[Stored items from a collection]
--------------------

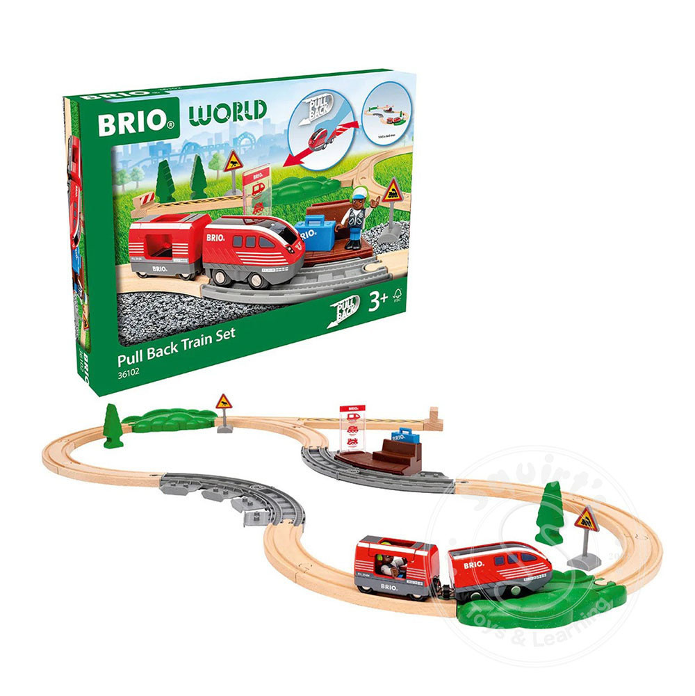 36102 Pull Back Train Set includes 28 pieces: 1x Pull Back Train, 1x Travel Passenger Wagon, 1x Travel Figure, 1x Station Platform, 4x Station Platform Tracks, 2x Wooden Trees, 2x Scenic Tracks, 12x Wooden Track Pieces and multiple accessories
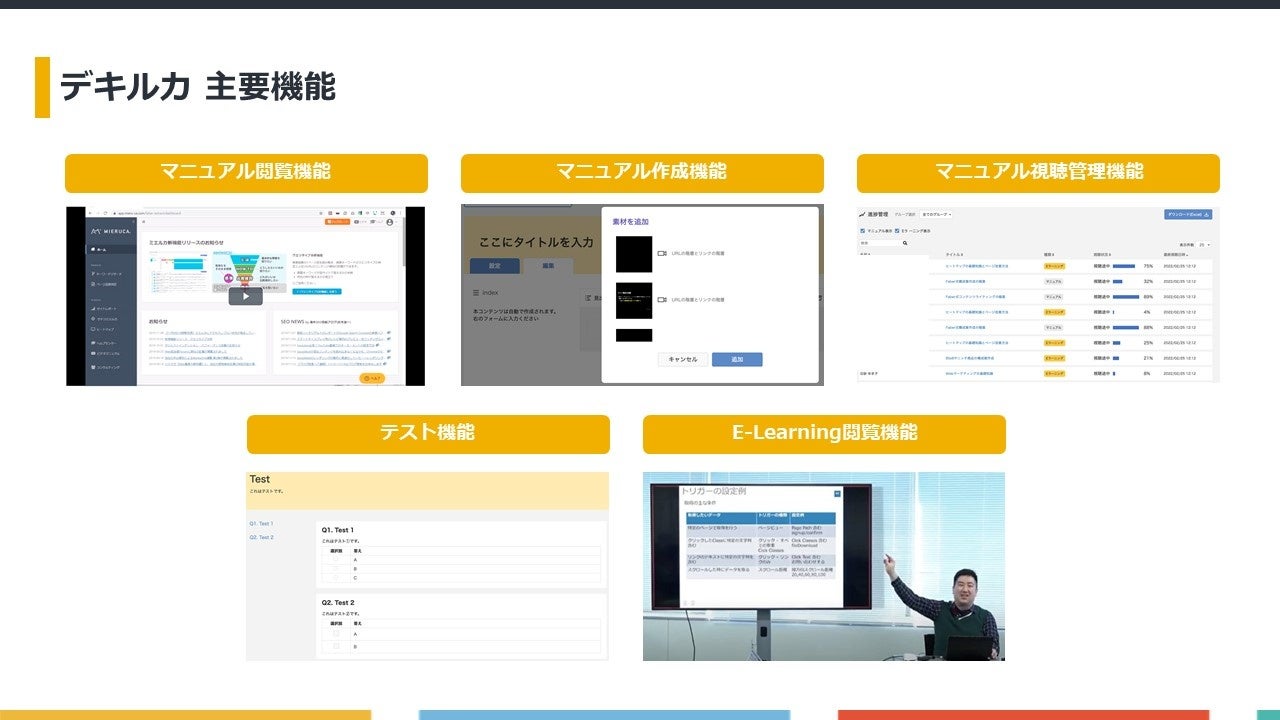 また、2周年に合わせて自社マニュアルやe-Learningの習熟度を測る「テスト機能」も追加いたしました。特徴は大きく以下の3点です。
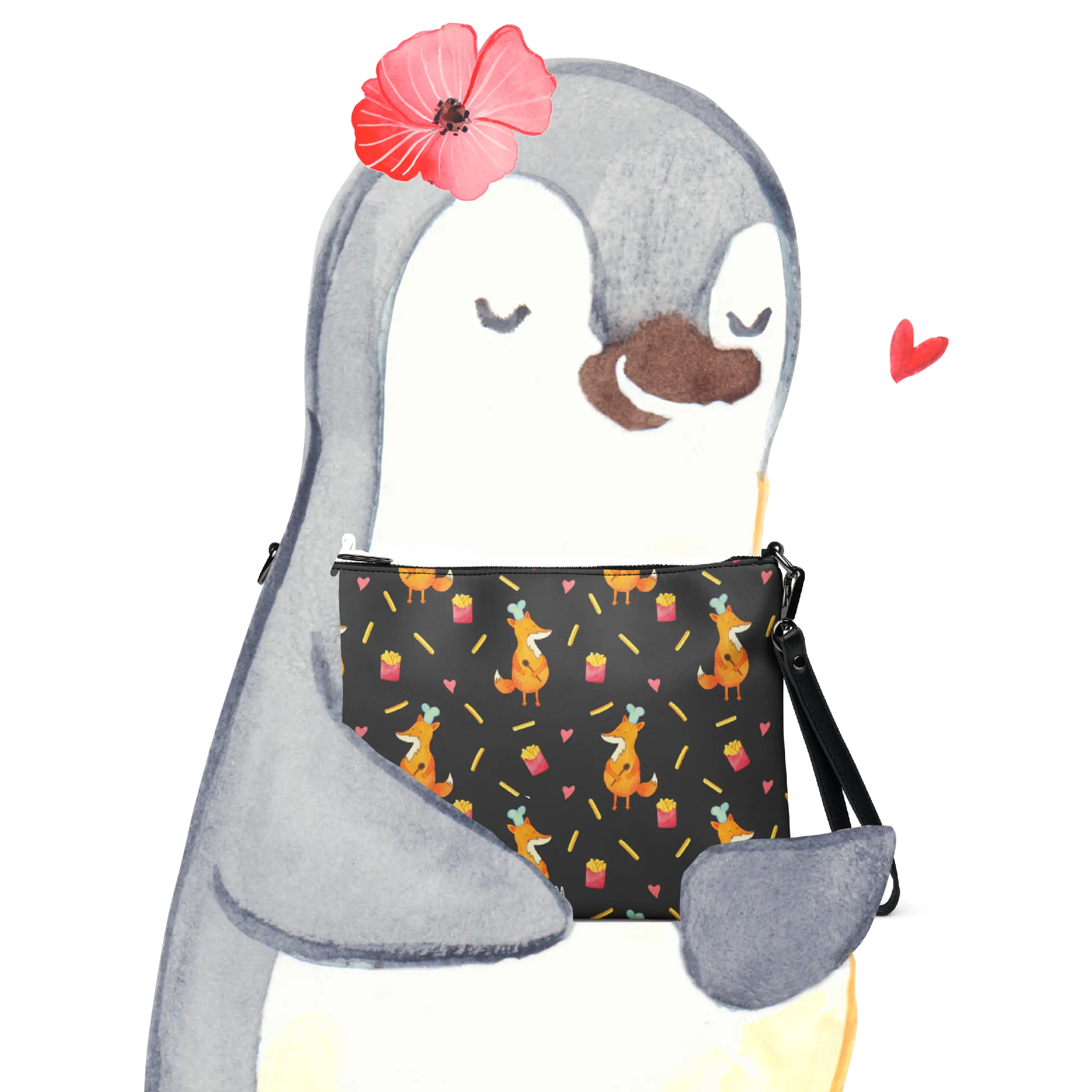 Suchst du eine Umhängetasche Damen, die auffällt und gleichzeitig praktisch ist? Unsere kleine Handtasche aus der Mrs. Panda Kollektion vereint verspieltes Design mit cleverer Funktionalität. Das fröhliche Fuchs Muster kombiniert mit Pommes Frites sorgt für gute Laune und macht die Tasche zum perfekten Begleiter für Alltag, Freizeit und besondere Anlässe.
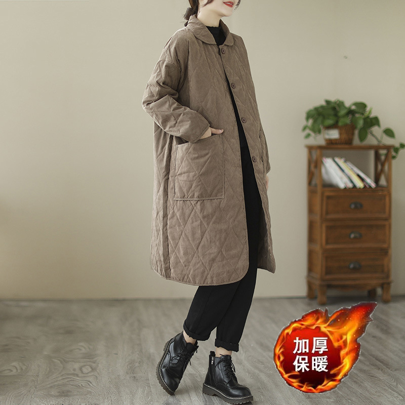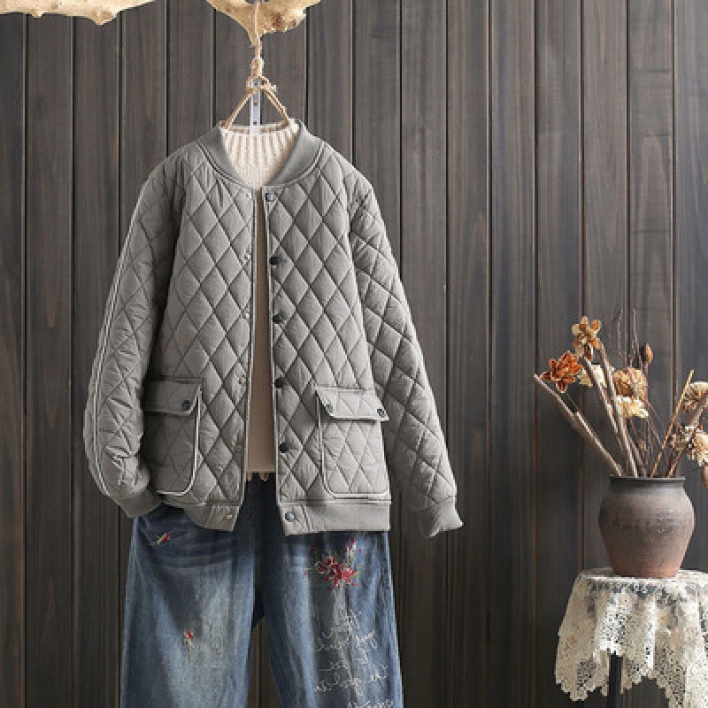 2024年冬新作、ヴィンテージ風菱形格子柄中綿入りコート、多用途で暖かい綿入れジャケット
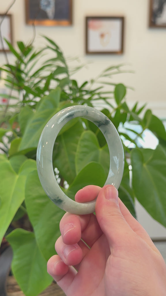 * DETAILS--- This beautiful bangle is made from premium Burmese Jadeite jade, featuring a smooth texture and a lovely blue-green color. Its classic half-round design highlights its natural beauty and ensures a comfortable fit. A timeless piece, perfect as a thoughtful gift for yourself or someone truly special.
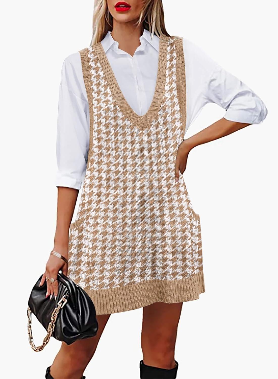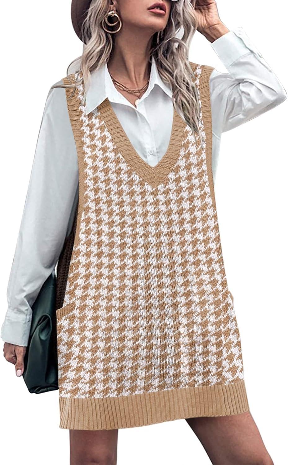 HOTOUCH Women Sweater Vest Oversized V Neck Sleeveless Knit Pullover Ribbed Vest Dress with Pockets(Houndstooth 01)

--------------------

# [HOW TO COMPLETE THIS TASK]
What you hand back should match the entries above exactly, except that no picture appears.

# [OUTPUT BELOW]
 36102 Pull Back Train Set includes 28 pieces: 1x Pull Back Train, 1x Travel Passenger Wagon, 1x Travel Figure, 1x Station Platform, 4x Station Platform Tracks, 2x Wooden Trees, 2x Scenic Tracks, 12x Wooden Track Pieces and multiple accessories
 また、2周年に合わせて自社マニュアルやe-Learningの習熟度を測る「テスト機能」も追加いたしました。特徴は大きく以下の3点です。
 Suchst du eine Umhängetasche Damen, die auffällt und gleichzeitig praktisch ist? Unsere kleine Handtasche aus der Mrs. Panda Kollektion vereint verspieltes Design mit cleverer Funktionalität. Das fröhliche Fuchs Muster kombiniert mit Pommes Frites sorgt für gute Laune und macht die Tasche zum perfekten Begleiter für Alltag, Freizeit und besondere Anlässe.
 2024年冬新作、ヴィンテージ風菱形格子柄中綿入りコート、多用途で暖かい綿入れジャケット
 * DETAILS--- This beautiful bangle is made from premium Burmese Jadeite jade, featuring a smooth texture and a lovely blue-green color. Its classic half-round design highlights its natural beauty and ensures a comfortable fit. A timeless piece, perfect as a thoughtful gift for yourself or someone truly special.
 HOTOUCH Women Sweater Vest Oversized V Neck Sleeveless Knit Pullover Ribbed Vest Dress with Pockets(Houndstooth 01)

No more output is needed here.